Now, 140 + 385 = 525

$\sf{525 = 7(2a + 13d)}$

$\sf{\dfrac{525}{7} = 2a + 13d}$

$\sf{75= 2a + 13d}$

Substitute the value of (1) here,

$\sf{75= 2(20 - 3d) + 13d}$

$\sf{75= 40 - 6d + 13d}$

$\sf{75= 40 + 7d}$

$\sf{75 - 40= 7d}$

$\sf{ 35= 7d}$

$\sf{ 5 = d}$

Finding the a of the term,

$\sf{20 - 3d = a }$

$\sf{20 - 15= a }$

$\sf{ 5 = a }$

$\sf{a_n = 5 + 3 (5)}$ = 75.

So, the sequence will be 5, 10, 15 ... till 75.

Answer 2

$\Large{\bf{\green{\mathfrak{\dag{\underline{\underline{Given:-}}}}}}}$

• The sum of the first seven terms of an arithmetic progression is 140 and the sum of the next 7 terms of the same progression is 385.

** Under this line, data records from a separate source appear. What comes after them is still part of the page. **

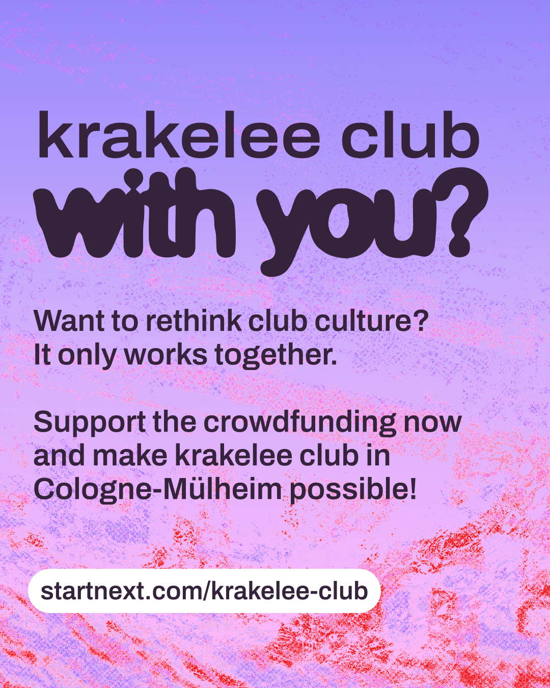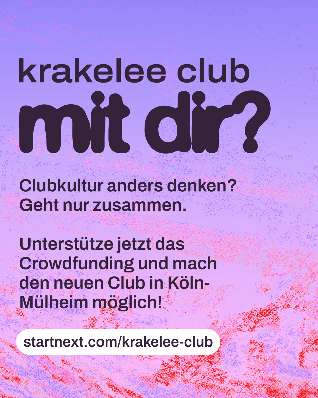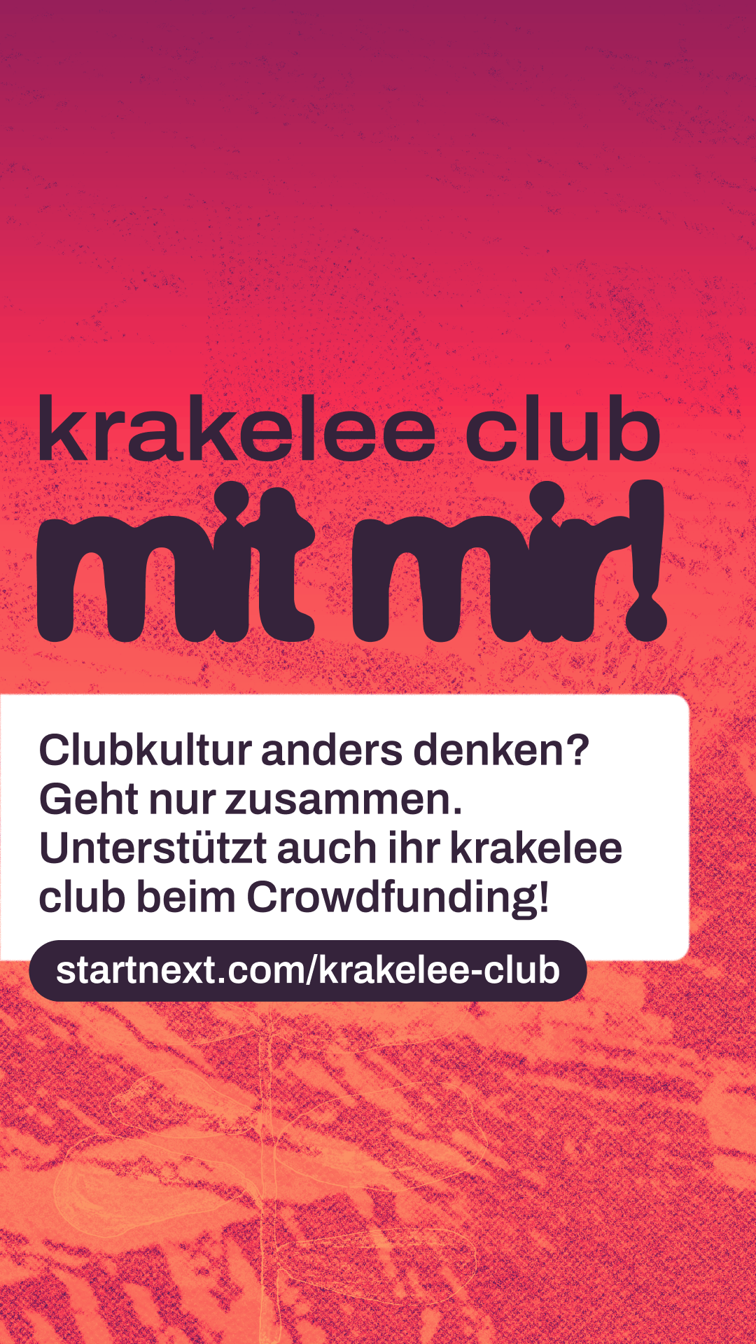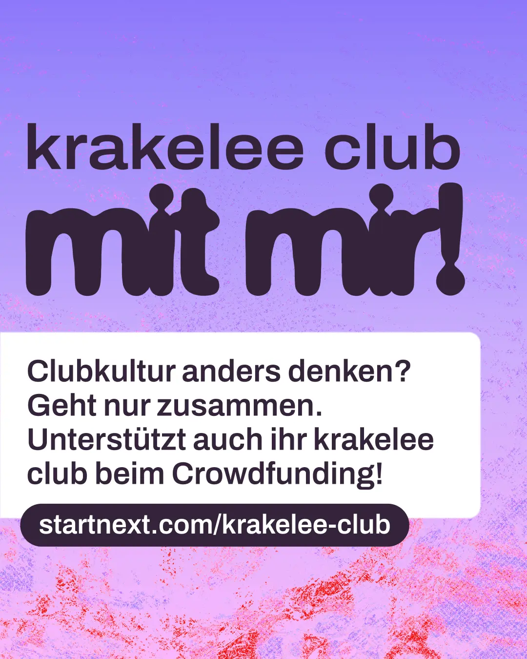 Hi! Kennst du schon krakelee? krakelee ist ein kollektiv organisiertes Projekt, das einen genossenschaftlichen Club in Köln aufbauen will. Ein Ort, der nicht von Profitlogik lebt, sondern von Community, Solidarität und Kultur. Aktuell läuft ihre Crowdfunding-Kampagne, um die nächsten großen Schritte auf dem Weg zum Club möglich zu machen. Wenn du Nachtleben liebst und an gemeinschaftliche Kultur glaubst: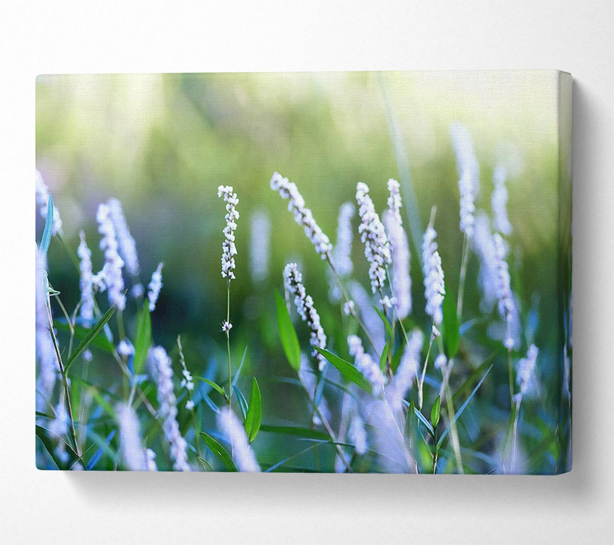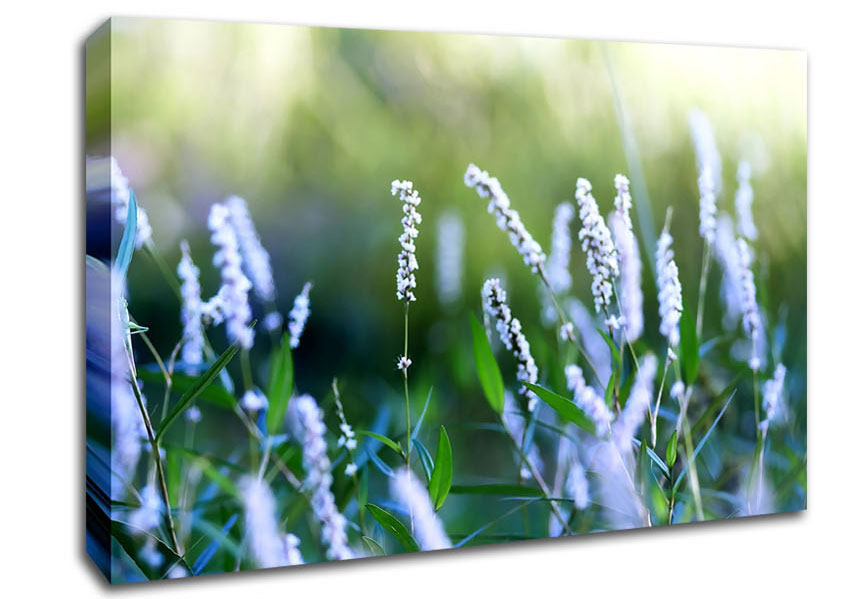 Blue Field Flowers Canvas Print handmade in the UK. Stretched over a 2 inch thick wooden box frame, ready to hang on your wall.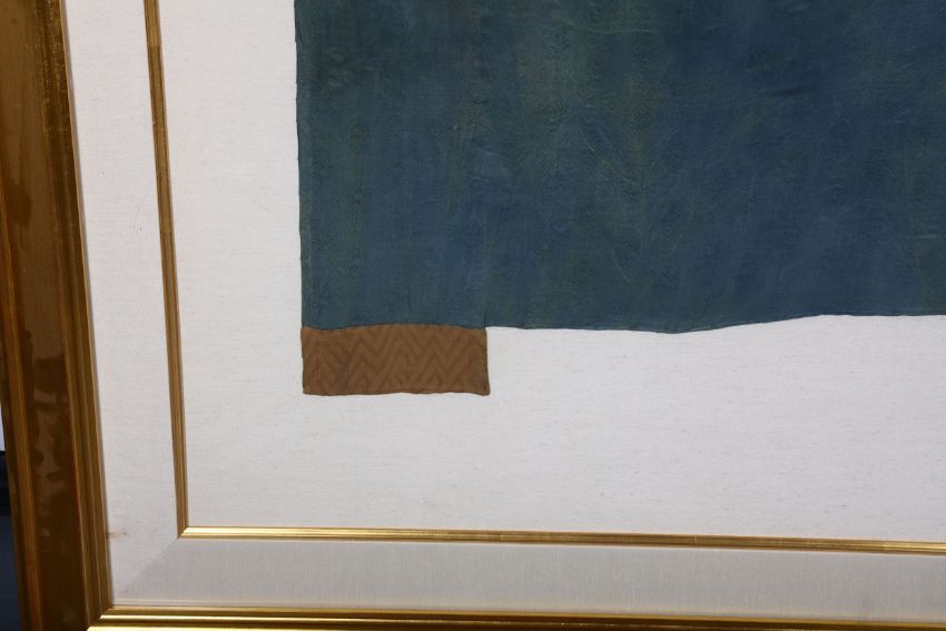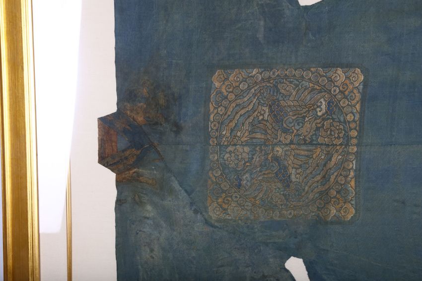 The gown with a rank badge to the centre woven with a pair of phoenixes, framed and glazed, 80 x 40cm.

$\Large{\bf{\orange{\mathfrak{\dag{\underline{\underline{To \: Find:-}}}}}}}$

• The Arithmetic progression

$\Large{\bf{\red{\mathfrak{\dag{\underline{\underline{Solution:-}}}}}}}$

According to the question,

• The sum of the first 7 terms of an arithmetic progression is 140.

We know that,

$\boxed{\pink{\sf S_n \: = \: \dfrac{n}{2} (2a \: + \: (n \: - \: 1) d)}}$

• Here,

• n = 7

• $\sf S_7$ = 140

Subsituting the values,

• $\sf 140 \: = \: \dfrac{7}{2} (2a \: + \: (7 \: - \: 1) d)$

• $\sf 140 \: = \: \dfrac{7}{2} (2a \: + \: 6d)$

• $\sf 140 \: * \: \dfrac{2}{7} \: = \:2a \: + \: 6d$

• $\sf \cancel{140} \: * \: \dfrac{2}{\cancel{7}} \: = \:2a \: + \: 6d$

• $\sf 20 \: * \: \dfrac{2}{1} \: = \: 2a \: + \: 6d$

• $\sf 20 \: * \: 2 \: = \: 2a \: + \: 6d$

• $\sf 40 \: = \: 2a \: + \: 6d$

• $\sf 40 \: = \: 2(a \: + \: 3d)$

• $\sf \dfrac{40}{2} \: = \: a \: + \: 3d$

• $\sf \dfrac{\cancel{40}}{\cancel{2}} \: = \: a \: + \: 3d$

• $\sf 20 \: = \: a \: + 3d$

• $\sf 20 \: - \: 3d \: = \: a \: \longrightarrow \boxed{1}$

Now,

• The sum of the next 7 terms of the same progression is 385.

We know that,

$\boxed{\pink{\sf S_n \: = \: \dfrac{n}{2} (2a \: + \: (n \: - \: 1) d)}}$

• Here,

• n = 14

• Here, it is asked as the next progression,

• So, the sum of first 7 terms progression and the sum of next 7 terms progression must be added.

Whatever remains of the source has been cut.